= So Much for That =

2010 novel by Lionel Shriver

First edition (publ. HarperCollins)

So Much for That is a 2010 novel by American author Lionel Shriver. It was shortlisted for the 2010 National Book Award for Fiction.

A social satire, the story follows American entrepreneur Shep Knacker, as he is forced to pay for medical care for his wife, preventing him from following his goal of retiring to a third world country. The novel critiques the various problems created within society by the American medical system and the larger capitalistic economic system.

== Critical reception ==
Reception of the novel was mixed. NPR reviewer Maureen Corrigan is very positive about the novel, praising its language and writing, saying "What's really striking here is the way Shriver's juiced-up language and droll social commentary never flag once throughout this long and deliciously involved novel." Ron Charles of Washington Post Book World, concluded that "So Much for That is a furious objection to watching the dream of health, financial security and old-age companionship wither and die." Telegraph reviewer Lucy Daniel described the novel as successful in critiquing the American health care system, writing "It’s a wonder that subject matter on the surface so bleak can be transformed into something so uplifting."
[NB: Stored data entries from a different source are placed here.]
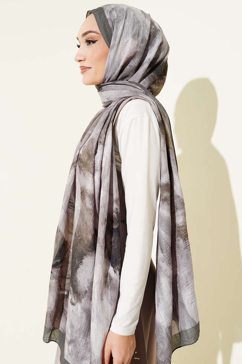 Batik Motifli Modal Şal Antrasit
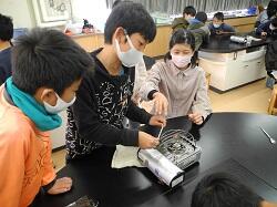 理科室の前を通ると、5年生が理科の「ものの溶け方」の発展学習として、ミョウバンの結晶づくりに取り組んでいました。
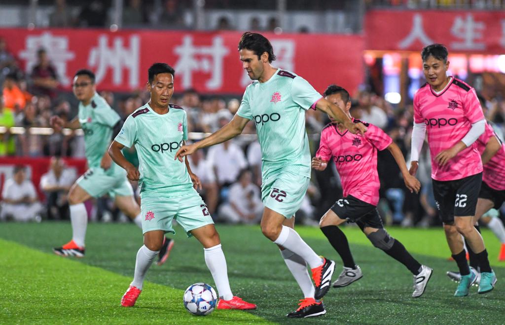 5月27日,卡卡(中)在“逐梦”冠军明星公益赛中。当日,“逐梦”冠军公益赛在贵州省黔东南苗族侗族自治州榕江县“村超”球场举行。新华社记者 杨文斌 摄
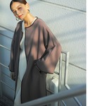 まゆみんのその他アウター「【2021AW】圧縮杢ニット・フェイクレザーパイピング・フレアーデザインコート」を使ったコーディネート
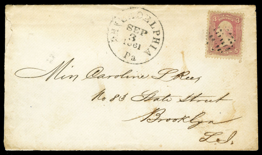 (64a) 1861 3c pigeon blood pink, single on cover (contents enclosed) from Philadelphia to Brooklyn, cover with small tear at left, stamp well centered and fine, with 2001 PFC, cat. $5,000
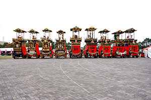 ズラリと並ぶ山車揃え.壮観だけど、写真を撮ると人がウジャウジャ写ってしまう.
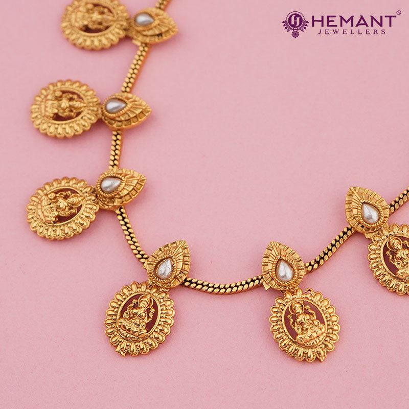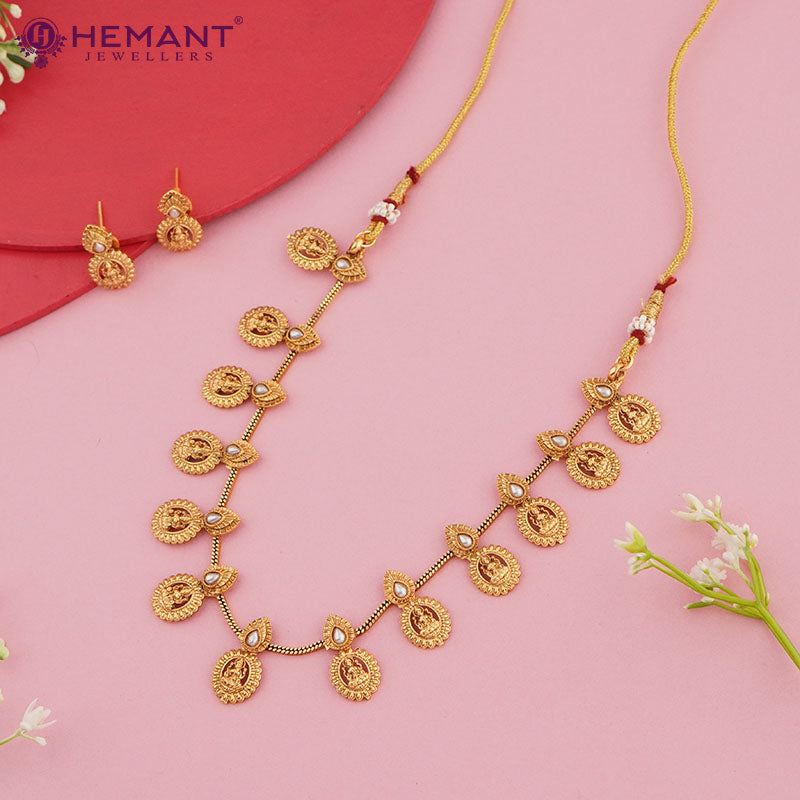 This set, paired with complementing earrings, exudes the splendor of South Indian temple jewelry, making it ideal for weddings, festive events, and cultural festivities. Crafted from top-quality gold-plated material, it guarantees a lavish look and lasting strength, all while remaining lightweight for effortless wear.

The Guardian was more mixed, praising the "fast-paced exchanges" within the novel, but noting that Shriver has a "tendency to rely too heavily on dialogue to explain complicated issues such as the workings of the US healthcare system or the intricacies of chemotherapy." While praising the social critiques in the novel, New York Times reviewer Leah Hager Cohen described the novel as "lack[ing] a fullness of wisdom about its characters’ potential for growth."